「負うた子に教えられて浅瀬を渡る」
本来の意味は「小さな子供は一人で川を渡れないが、背中に負ぶった子は上から浅瀬と淵をよく見分けて教えることができる。その子に教えられて深みにはまらずに済むこともある」
だそうな。
まあ、偉そうにせずに人の言うことも聞けという意味。そういう点でいうと、息子がいま、バンバン私に(良い意味での)喧嘩を売ってきます(笑)。
忘れないうちにほんの少しだけ書いておきます(ここに書くといつでも読み返せるので)。
■ピーターの法則
●人は自己能力の限界まで出世する
●無能な人はそのポジションに留まり、有能な人は限界まで出世するがそのポジションで無能化する
●組織の中では、まだ限界に達していない人たちのよって進められて機能していく。(息子からの喧嘩のこの後は略)
なるほどね。官僚と昔の軍と一緒ですね。そして優秀な人間(俗にいう)ほど、安定を求めるので自分のポジションが安定したら組織を停滞させます。
大日本帝国海軍は、海軍大学校の成績でその後の地位がすべてきまりました。これをハンモックナンバーと言います。軍隊なのに、戰爭で勝てるかどうかよりも昔の成績で決まる!!!
西郷隆盛もこう言っています。「國に功労がある人には禄を与えよ。功労があるからと言って地位を与えてはならない。功労があるからと言って見識のないものに地位を与えるということは国家崩壊のもととなる」
会社でも同じですね。出光興産㈱昭和三十三年組は、綺羅星の如くの社員ばかりでした。ある日、出光佐三店主が彼らと懇談したときに、叫びました。「お前らは出光の癌だ。このまま放っておくと、将来必ず出光はおかしくなる」と。そして、店主室教育が始まりました。
出光佐三翁も松下幸之助翁も「優秀な人材は組織を破戒する(こういう直接的な表現かどうかは別にして)」と仰っています。宇佐美の親父も言っていました。いつも私に。「宝徳なあ、凡人をして天才の仕事をさせる。それが経営者だ」と。確かに、例えばカリスマのような部長さんがいて、その人がどんどん上に立つと最終的に会社はおかしくなります。
なぜか。
(俗にいう)優秀な人材には「癖」があります。 企業に必要なことはたくさんの人間が「将来発展する型」を身につけそれを破って、「みんなで新しい型」を創造していくこと。そして、それを、経営者やリーダーが経営を俯瞰しリーディングしていくことが大切です(その後は俯瞰していく幹部の育成。

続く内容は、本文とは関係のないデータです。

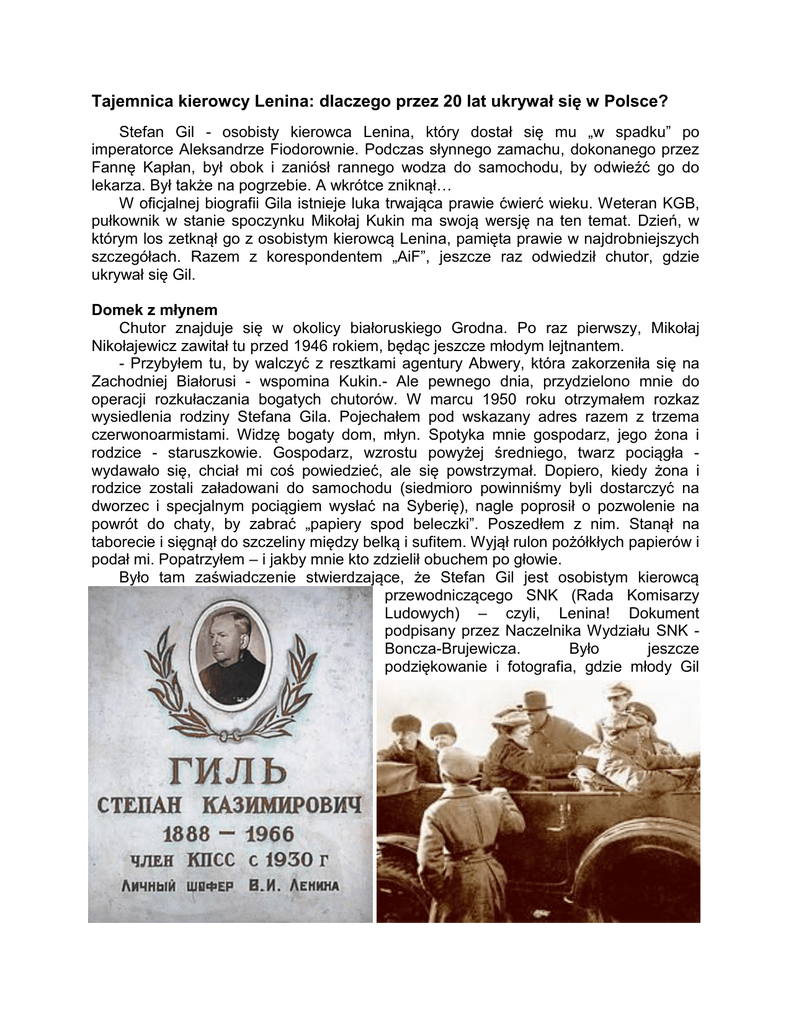 Tajemnica kierowcy Lenina: dlaczego przez 20 lat ukrywał się w Polsce? Stefan Gil - osobisty kierowca Lenina, który dostał się mu „w spadku” po imperatorce Aleksandrze Fiodorownie. Podczas słynnego zamachu, dokonanego przez Fannę Kapłan, był obok i zaniósł rannego wodza do samochodu, by odwieźć go do lekarza. Był także na pogrzebie. A wkrótce zniknął… W oficjalnej biografii Gila istnieje luka trwająca prawie ćwierć wieku. Weteran KGB, pułkownik w stanie spoczynku Mikołaj Kukin ma swoją wersję na ten temat. Dzień, w którym los zetknął go z osobistym kierowcą Lenina, pamięta prawie w najdrobniejszych szczegółach. Razem z korespondentem „AiF”, jeszcze raz odwiedził chutor, gdzie ukrywał się Gil. Domek z młynem Chutor znajduje się w okolicy białoruskiego Grodna. Po raz pierwszy, Mikołaj Nikołajewicz zawitał tu przed 1946 rokiem, będąc jeszcze młodym lejtnantem. - Przybyłem tu, by walczyć z resztkami agentury Abwery, która zakorzeniła się na Zachodniej Białorusi - wspomina Kukin.- Ale pewnego dnia, przydzielono mnie do operacji rozkułaczania bogatych chutorów. W marcu 1950 roku otrzymałem rozkaz wysiedlenia rodziny Stefana Gila. Pojechałem pod wskazany adres razem z trzema czerwonoarmistami. Widzę bogaty dom, młyn. Spotyka mnie gospodarz, jego żona i rodzice - staruszkowie. Gospodarz, wzrostu powyżej średniego, twarz pociągła wydawało się, chciał mi coś powiedzieć, ale się powstrzymał. Dopiero, kiedy żona i rodzice zostali załadowani do samochodu (siedmioro powinniśmy byli dostarczyć na dworzec i specjalnym pociągiem wysłać na Syberię), nagle poprosił o pozwolenie na powrót do chaty, by zabrać „papiery spod beleczki”. Poszedłem z nim. Stanął na taborecie i sięgnął do szczeliny między belką i sufitem. Wyjął rulon pożółkłych papierów i podał mi. Popatrzyłem – i jakby mnie kto zdzielił obuchem po głowie. Było tam zaświadczenie stwierdzające, że Stefan Gil jest osobistym kierowcą przewodniczącego SNK (Rada Komisarzy Ludowych) – czyli, Lenina! Dokument podpisany przez Naczelnika Wydziału SNK Boncza-Brujewicza. Było jeszcze podziękowanie i fotografia, gdzie młody Gil stoi na tle samochodu. Rozpoznałem samochód Lenina - widziałem go na innych fotografiach. I Gil, chociaż minęło prawie 30 lat, niewiele się zmienił. Byłem pewny na 99%, że przed mną jest kierowca Lenina. Co prawda, w rozkazie wysiedlenia był on wymieniony jako Stanisław Kazimierowicz Gil, a w zaświadczeniu – był Stefanem Kazimierowiczem Gilem. Pytam: „Jak to możliwe?” Gil wyjaśnił: „Jestem Polakiem, to moje rodzinne strony. Po powrocie, zarejestrowałem się pod tym imieniem, które jest zapisane w dokumentach kościelnych. A w Piotrogrodzie i Moskwie, by było prościej, nazywałem się Stefanem”. Znikły moje ostatnie wątpliwości. „Poczekaj - mówię - zamelduję o tobie władzom”. Pojechałem do komitetu obwodowego partii. Moim naczelnikiem był pułkownik Aleksiej Froł i jemu oddałem dokumenty Gila. Froł poszedł do pierwszego sekretarza grodnieńskiego komitetu obwodowego partii, Siergieja Prityckiego. Władze naradzały się za zamkniętymi drzwiami około pół godziny. A potem, otrzymałem odwołanie rozkazu wysiedlenia Gila. Wszystkich się bał. Wróciłem do chutoru i zakomunikowałem radosną wieść. Gil zaprosił mnie do chaty, widocznie potrzebował się wygadać. „Ostatnie 20 lat żyję, jak mysz pod miotłą, wszystkich się boję - opowiadał. - Po śmierci Lenina, samowolnie opuściłem Moskwę, wróciłem do ojczyzny, do Grodna. Tu, dzięki krewnym zachowało się gospodarstwo, młyn, dobry dom. Wiadomo, że musiałem ukrywać swoją przeszłość. Przecież do 1939 r. Grodno było w składzie Polski, tu panowały inne porządki. Bałem się polskiej policji politycznej. Potem, kiedy w 1941 roku, Grodno zajęli Niemcy, bałem się nie mniej – mogą się dowiedzieć, że pracowałem jako kierowca Lenina. A kiedy w 1944 roku przyszła Armia Czerwona, bałem się już Sowietów - mogli mi wypomnieć samowolną ucieczkę z Moskwy”. Po chwili milczenia, wskazał na swoją kurtkę: „To przecież ta sama skóreczka, w którą byłem ubrany w sierpniu 1918 roku, tego dnia, kiedy w fabryce Michelsona, Kapłan strzeliła do Lenina. Wtedy, na rękach zaniosłem go do samochodu. Chciałem zawieźć do szpitala, ale Lenin kazał jechać do Kremla”. Od imperatora - do bolszewików To było nasze drugie i ostatnie spotkanie. Władze mnie uprzedziły: O tym epizodzie nie rozpowiadaj. Ale wciąż miałem nadzieję, że któregoś dnia jednak spotkam się z Gilem i dowiem się nowych szczegółów. W rozkazie jego wysiedlania zaznaczono, że posiada nie tylko gospodarstwo, maszyny rolnicze, ale i zwykły samochód, którym obsługuje komercyjne rejsy między Grodnem i miasteczkiem Oziory. Nie trudno się domyśleć, że Gil bywał w mieście i po paru dniach zobaczyłem go na placu. Próbowałem dogonić, ale zgubił się w tłumie. Po kilku dniach udałem się do jego gospodarstwa - ciekawość rozpierała. Ale dom okazał się pusty. Sąsiedzi powiedzieli, że rodzina wyjechała, nie zostawiwszy nowego adresu. Ślad Gila zagubił się. Nadal analizowałem sytuację. Odszukałem pięciotomowe wspomnienia o Leninie, które wydano w 1934 r., ale nie znalazłem tam żadnej wzmianki o Gilu, który w przeciągu 6 lat, każdego dnia miał styczność z wodzem. Natomiast, były tam wspomnienia ludzi, którzy widzieli się z Leninem tylko jeden czy dwa razy. O czym to świadczy? O tym, że prawdopodobnie, w 1934 roku Gil był za granicą, czyli w Polsce. Jednakże, w 1956 roku, po pięciu latach od mojego z nim spotkania, w Moskwie ukazały się jego wspomnienia - „Sześć lat z Leninem”. Nie mogę zaręczyć, ale przypuszczam, że raport o tym, że kierowca Lenina ukrywa się w Grodnie, dotarł do Stalina. Prawdopodobnie, wyjazd Gila z chutoru jest związany z dzia

ここで理念や経営目的やコンセプトなどが初めて生きてくる)。
(俗にいう)優秀な人材が組織に残ってしまうと、下の者はその人材の「癖」をまねようとします。そして、その人材が辞めたときに、組織には、その人材の「癖」しか残りません。そして、「誰が正しいかではなく、なにが正しいか」という組織原則よりも「何が正しいかではなく誰が正しいか」となり、組織が崩壊していきます。
(俗にいう)優秀な人間は外に出なければなりません。江副さんは正解でしたね。うまく(俗にいう)おだてて優秀な人材をリクルートから独立させていき組織を維持しました(リクルートは本当に優秀な人材がたくさんいますが、徳も同時に備えた人物をあまりみたことがない。みたことがない)。
中小零細企業とお付き合いを始めてもうすぐ18年です。永く経営をやっているとビジネスモデルが少しずつ傷んできます。また、時代も進化し、取り入れた方がよいこともたくさん出てきます。つまり、ビジネスモデルを常にリニューアルしておくことは企業百年の計の潜在的リスクなのです。
ビジネスモデルは経営資源ごとに存在します。
ヒト:組織ビジネスモデル
モノ:流通ビジネスモデル
カネ:キャッシュフロービジネスモデル
情報:インテリジェンスビジネスモデル
その中で最も恐ろしいのが、「組織のビジネスモデル」なのです。息子はきっとそれを言いたいのですね。でも、子供に抜かれる親というのはうれしいものです。 をはり(この分野の話は、私の集大成になると思うので今後もまた時々書きます)。